In Germany, the level of activity was impacted right from the beginning of the year by the effects of the announcement of the acquisition of Papyrus Deutschland, which was communicated to the market on October 24, 2018 and led to a decrease in sales on customers whose main suppliers were Papier Union and Papyrus Deutschland simultaneously. From August onwards, the integration processes of the two companies were initiated in order to obtain higher levels of profitability in terms of logistics and distribution network and optimization of resources, although the impacts in 2019 were still relatively small compared to their potential in the medium term. The good performance of sales of higher value-added products, supported by competence centres and teams of specialists that we have been developing in recent years, should be highlighted, which has allowed us to mitigate the fall in margin.

In France, the business plan resulting from the new post-merger reality has been successfully and rigorously implemented. Price discipline and strict control over sales conditions meant that, despite some drop in volumes, but in line with the market, the gross margin was above the estimated value for 2019 and with a very positive progression compared with the same period of the previous year. This commercial dynamic, combined with a reduction in costs that has already exceeded the initial estimated plan, resulted in a sharp increase in profitability levels, with Inapa France showing a Re-EBITDA margin level in line with good international practice. This performance fully confirms the strategy that the Inapa Group presented to its stakeholders and gives us increased confidence for the future.

1 Average sales price: Paper sales/tonnes

Inapa maintained a strict pricing policy and a focus on improving the sales mix, which was however not been sufficient to keep the total margin generated at the 2018 level, mainly due to the consolidation of Papyrus Deutschland, which had margins below the group average.

If we purge the impacts of the integration of Papyrus Deutschland, the total administrative and personnel costs maintained the downward trend that has been achieved in recent years, reflecting a steady improvement in efficiency levels. Overall, with the integration, the weight of these costs on turnover has already shown a clear decrease. In France, the effects of the savings from restructuring and integration are already very significant, reaching profitability levels well above those of 2018.

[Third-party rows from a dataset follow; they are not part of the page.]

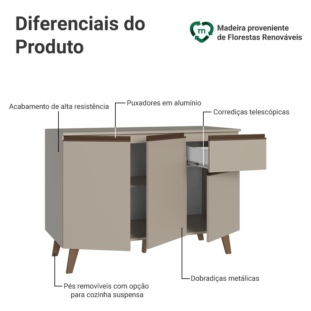 Balcão Cozinha 120 cm 3 Portas 1 Gaveta Com Pés Nice Madesa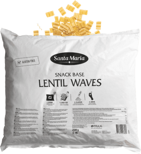 A delicious lentil snack, ready to fry! Made with 45% lentil flour, it's perfect for a crispy treat. Available in a 2.5 kg pack.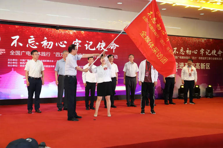 不忘初心 牢記使命——慶祝新中國成立七十周年全國廣電媒體踐行‘四力’尋根追夢三秦行”全媒體活動由中國廣播電影電視社會組織聯(lián)合會、陜西省委宣傳部聯(lián)合主辦并于當(dāng)日上午在西安正式啟動。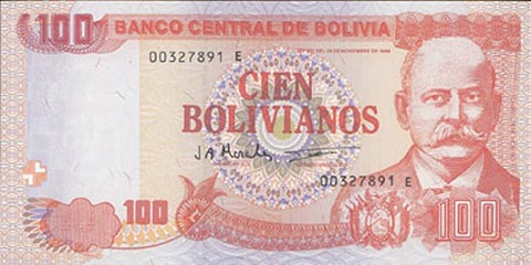 Боливийский боливиано. Купюра номиналом в 100 BOB, аверс.
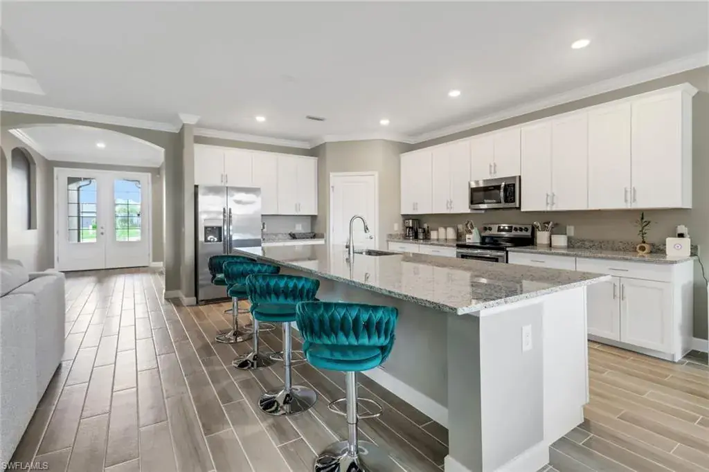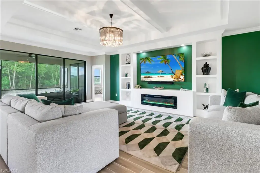 Opulence and tranquility meet in this custom-built, coveted Summerville II model home on an oversized cul-de-sac lot with lake views in Valencia Golf and Country Club. All-new, eye-catching landscaping surrounds the residence, offering a taste of the luxury found within. The interior features a thoughtful layout designed with privacy in mind, with each of the three spacious bedrooms strategically positioned in separate corners of the house. This unique arrangement ensures that everyone enjoys their own private retreat, complete with a full bathroom. Ceramic tile wood plank flooring runs throughout the entire home, enhancing the contemporary design and offering durability with timeless style, while stunning ceiling accents add to the overall grandeur. Another reason this model is so sought-after is the expansive great room layout, where the gourmet kitchen, dining, and living areas flow seamlessly together, providing an ideal space for both relaxed living and entertaining. A built-in electric fireplace in the great room adds a touch of coziness to the modern aesthetic, creating a warm and inviting atmosphere. The versatile den/office/flex space adds even more functionality to this floor plan. The sprawling primary suite offers private access to the lanai, two generous walk-in closets, and dual vanities in the ensuite bath. The 3-car garage features an epoxy coat finish. There is also room for a pool, making it easy to elevate your outdoor living experience even further. Don’t miss this opportunity to own a piece of paradise in Valencia Golf and Country Club.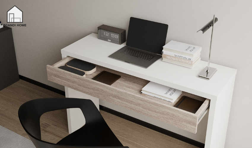 Bàn học hoặc bàn làm việc trong phòng ngủ là nơi kết nối giữa nghỉ ngơi và sáng tạo. Một chiếc bàn gọn gàng, có ngăn kéo tiện lợi giúp bạn lưu trữ tài liệu và vật dụng cần thiết. Chất liệu gỗ công nghiệp hoặc gỗ tự nhiên mộc mạc mang lại cảm giác gần gũi và ấm áp.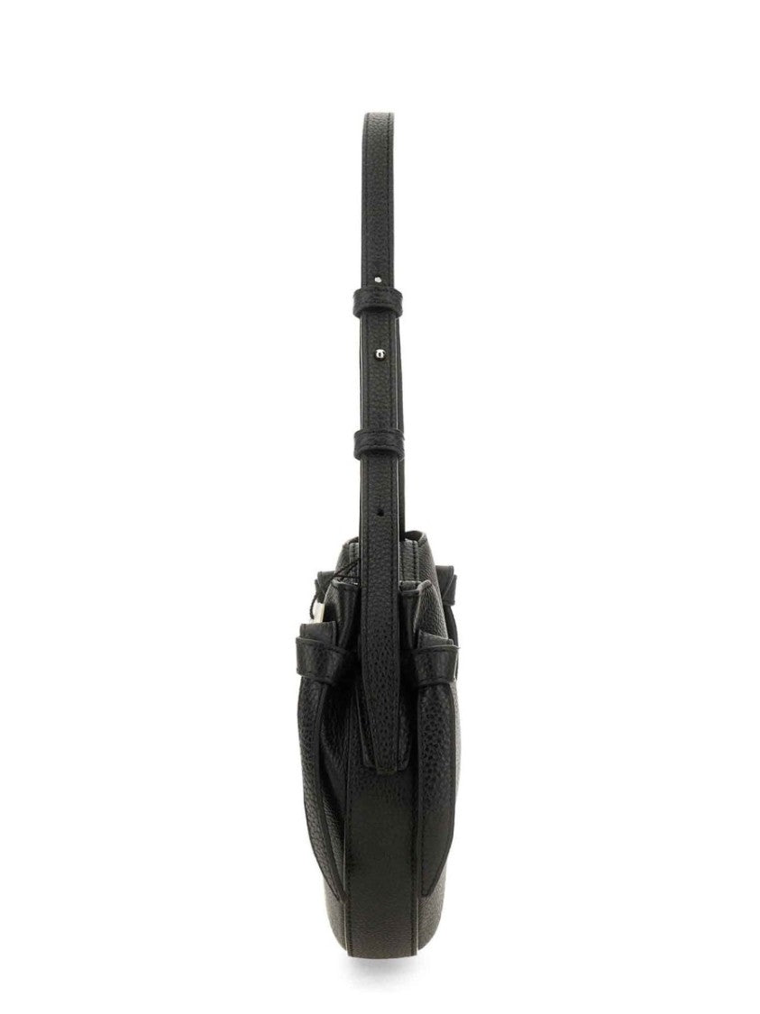 The Yuzefi 'Fortune Cookie' shoulder bag epitomizes understated elegance with its crescent-shaped silhouette and smooth, pebbled texture. Thoughtfully designed, it features an adjustable strap for versatile wear and subtle side knot details that enhance its minimalist aesthetic. The compact structure boasts a discrete logo on the front, embodying contemporary sophistication that complements any wardrobe.

The operational results (EBIT) of the paper business amounted to EUR 12.4 million, representing 1.3% of sales.

In summary, the paper business was penalised by reductions in demand, and more specifically in Germany, for the lengthy period taken by the Competition Authority in its decision to approve the acquisition of Papyrus Deutschland which led to pressure on sales and margins, a trend which was only partially reversed in the last months of the year.

PACKAGING

In 2019, Inapa Group's packaging business represented EUR 72.7 million of sales, 1.1 million more than in 2018.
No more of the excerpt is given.